EXERCISE BRIEF: Output the whole listing exactly, with no pictures.

DATA EXTRACTS:
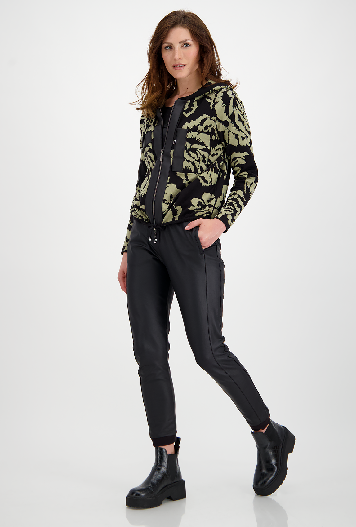 Джемпер на молнии с капюшоном – яркий вариант для образа в стиле кэжуал. Актуальная цветовая гамма и трендовый растительный принт. Рукав-реглан полной длины, один из рукавов украшает лампас. Ассиметричные вставки на груди, по низу изделия кулиска.
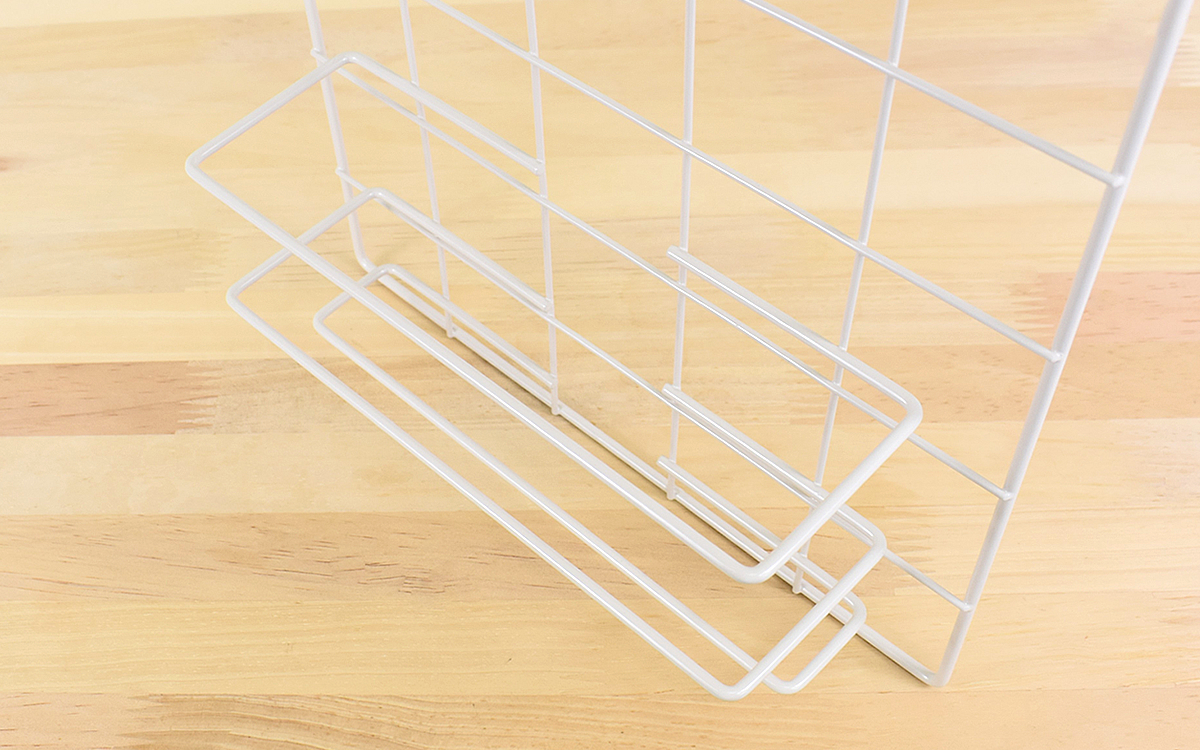 1番の特徴は鉄材フレームのみのシンプルな作り。3つのフレームのうち一番下の枠が底板の役割を果たします。ですので、上ふたつの枠より大きいものは入らず、一番下の枠より小さいものは落ちてしまうので収納の際には気をつけましょう。
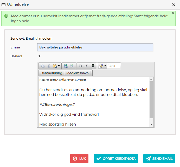 3) Medlemmet er nu udmeldt og spærret for udlevering af spillercertifikat. Var der en restance på medlemmet, og du vil oprette en kreditnota, kan dette gøres ved at klikke på "Opret kreditnota", ellers klik på "Luk"
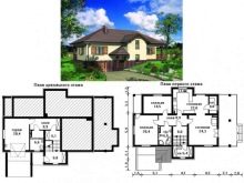 Тази опция е оптимална. Той съчетава всички предимства на едноетажна сграда с голяма използваема площ. Такава къща може удобно да побере голямо семейство. В същото време експлоатационните разходи ще бъдат с порядък по-ниски, отколкото в двуетажно имение..
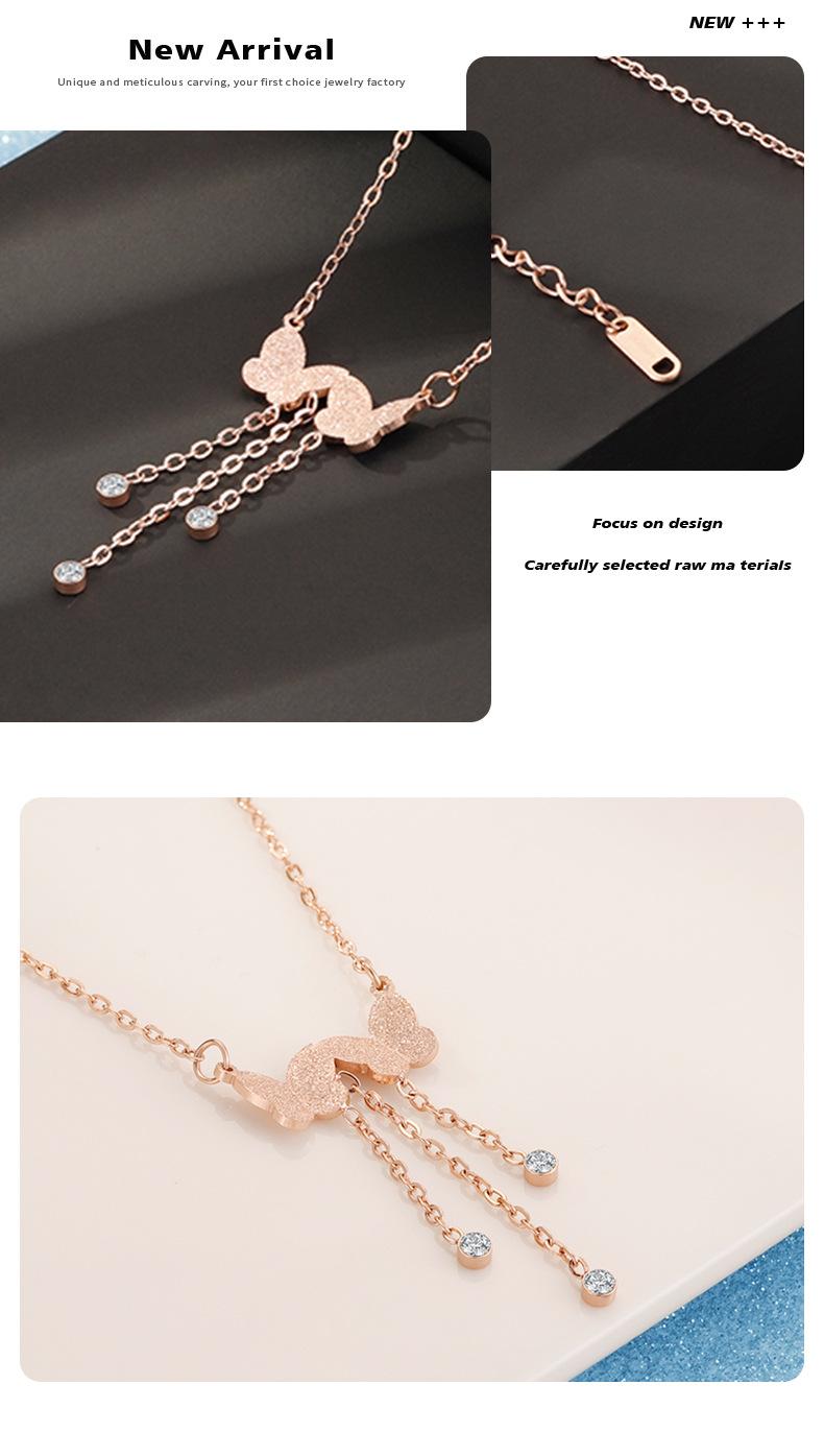 Colgante de acero inoxidable para mujer, estilo coreano, con borlas de mariposa, color liso, ligero, lujoso, popular, combinable con todo, sencillo.
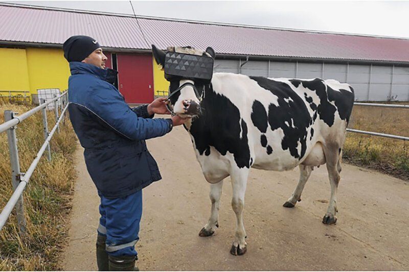 La o fermă din suburbiile Moscovei, li s-au pus vacilor ochelari de realitate virtuală, pentru a-și îmbunătăți starea de spirit.
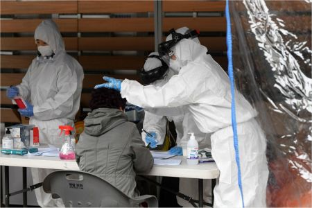 10일 코로나19 무더기 확진자가 발생한 서울 구로구 코리아빌딩 앞에서 입주자들이 코로나19 검사를 받고 있다. (사진=이한형 기자/자료사진)
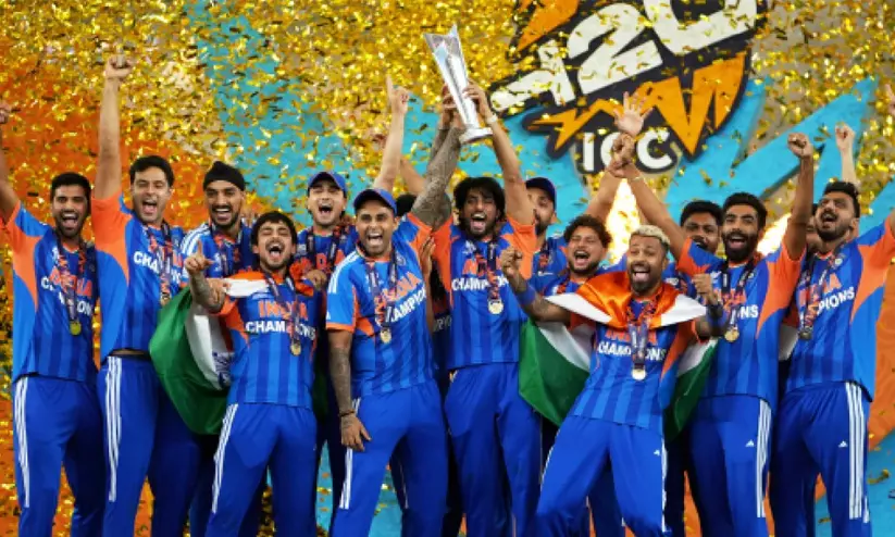 മുംബൈ: 2026ലെ ഐ.സി.സി ടി20 ലോകകപ്പിലെ ചരിത്ര വിജയത്തിന് പിന്നാലെ ഇന്ത്യൻ ക്രിക്കറ്റ് ടീമിന് ബി.സി.സി.ഐ 131 കോടി രൂപ പാരിതോഷികം പ്രഖ്യാപിച്ചു. അഹ്മദാബാദ് നരേന്ദ്ര മോദി സ്റ്റേഡിയത്തിൽ നടന്ന കലാശപ്പോരിൽ ന്യൂസിലൻഡിനെ 96 റൺസിന് വീഴിത്തിയായിരുന്നു ഇന്ത്യയുടെ കിരീടനേട്ടം.
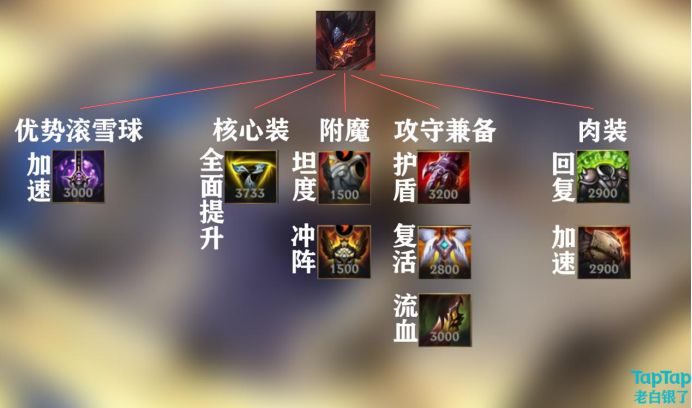 赵信的出装一般是往常规的重装战士方向走,核心装是三相之力,推荐第一件出,如果前期优势过大,也可以选择先出幽梦滚雪球。出完这一到两件输出装之后出血手提高我们的生存能力,后续根据对面的伤害类型补绿甲和亡板,最后一件出复活甲提高团战容错率,复活甲CD的时候可以将其换成死舞。鞋子附魔依情况而定,想抗更多伤害就选石像鬼石板甲,想冲阵开团就选正义荣耀。
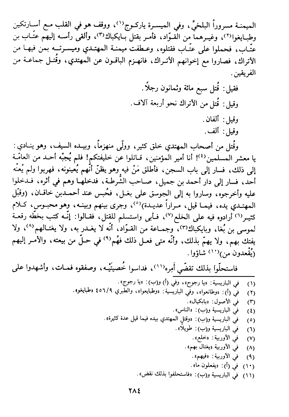 فَقِيلَ: قُتِلَ سَبْعُمِائَةٍ وَثَمَانُونَ رَجُلًا، وَقِيلَ: قُتِلَ مِنَ الْأَتْرَاكِ نَحْوُ أَرْبَعَةِ آلَافٍ.

SOLUTION BELOW:
 Джемпер на молнии с капюшоном – яркий вариант для образа в стиле кэжуал. Актуальная цветовая гамма и трендовый растительный принт. Рукав-реглан полной длины, один из рукавов украшает лампас. Ассиметричные вставки на груди, по низу изделия кулиска.
 1番の特徴は鉄材フレームのみのシンプルな作り。3つのフレームのうち一番下の枠が底板の役割を果たします。ですので、上ふたつの枠より大きいものは入らず、一番下の枠より小さいものは落ちてしまうので収納の際には気をつけましょう。
 3) Medlemmet er nu udmeldt og spærret for udlevering af spillercertifikat. Var der en restance på medlemmet, og du vil oprette en kreditnota, kan dette gøres ved at klikke på "Opret kreditnota", ellers klik på "Luk"
 Тази опция е оптимална. Той съчетава всички предимства на едноетажна сграда с голяма използваема площ. Такава къща може удобно да побере голямо семейство. В същото време експлоатационните разходи ще бъдат с порядък по-ниски, отколкото в двуетажно имение..
 Colgante de acero inoxidable para mujer, estilo coreano, con borlas de mariposa, color liso, ligero, lujoso, popular, combinable con todo, sencillo.
 La o fermă din suburbiile Moscovei, li s-au pus vacilor ochelari de realitate virtuală, pentru a-și îmbunătăți starea de spirit.
 10일 코로나19 무더기 확진자가 발생한 서울 구로구 코리아빌딩 앞에서 입주자들이 코로나19 검사를 받고 있다. (사진=이한형 기자/자료사진)
 മുംബൈ: 2026ലെ ഐ.സി.സി ടി20 ലോകകപ്പിലെ ചരിത്ര വിജയത്തിന് പിന്നാലെ ഇന്ത്യൻ ക്രിക്കറ്റ് ടീമിന് ബി.സി.സി.ഐ 131 കോടി രൂപ പാരിതോഷികം പ്രഖ്യാപിച്ചു. അഹ്മദാബാദ് നരേന്ദ്ര മോദി സ്റ്റേഡിയത്തിൽ നടന്ന കലാശപ്പോരിൽ ന്യൂസിലൻഡിനെ 96 റൺസിന് വീഴിത്തിയായിരുന്നു ഇന്ത്യയുടെ കിരീടനേട്ടം.
 赵信的出装一般是往常规的重装战士方向走,核心装是三相之力,推荐第一件出,如果前期优势过大,也可以选择先出幽梦滚雪球。出完这一到两件输出装之后出血手提高我们的生存能力,后续根据对面的伤害类型补绿甲和亡板,最后一件出复活甲提高团战容错率,复活甲CD的时候可以将其换成死舞。鞋子附魔依情况而定,想抗更多伤害就选石像鬼石板甲,想冲阵开团就选正义荣耀。
 فَقِيلَ: قُتِلَ سَبْعُمِائَةٍ وَثَمَانُونَ رَجُلًا، وَقِيلَ: قُتِلَ مِنَ الْأَتْرَاكِ نَحْوُ أَرْبَعَةِ آلَافٍ.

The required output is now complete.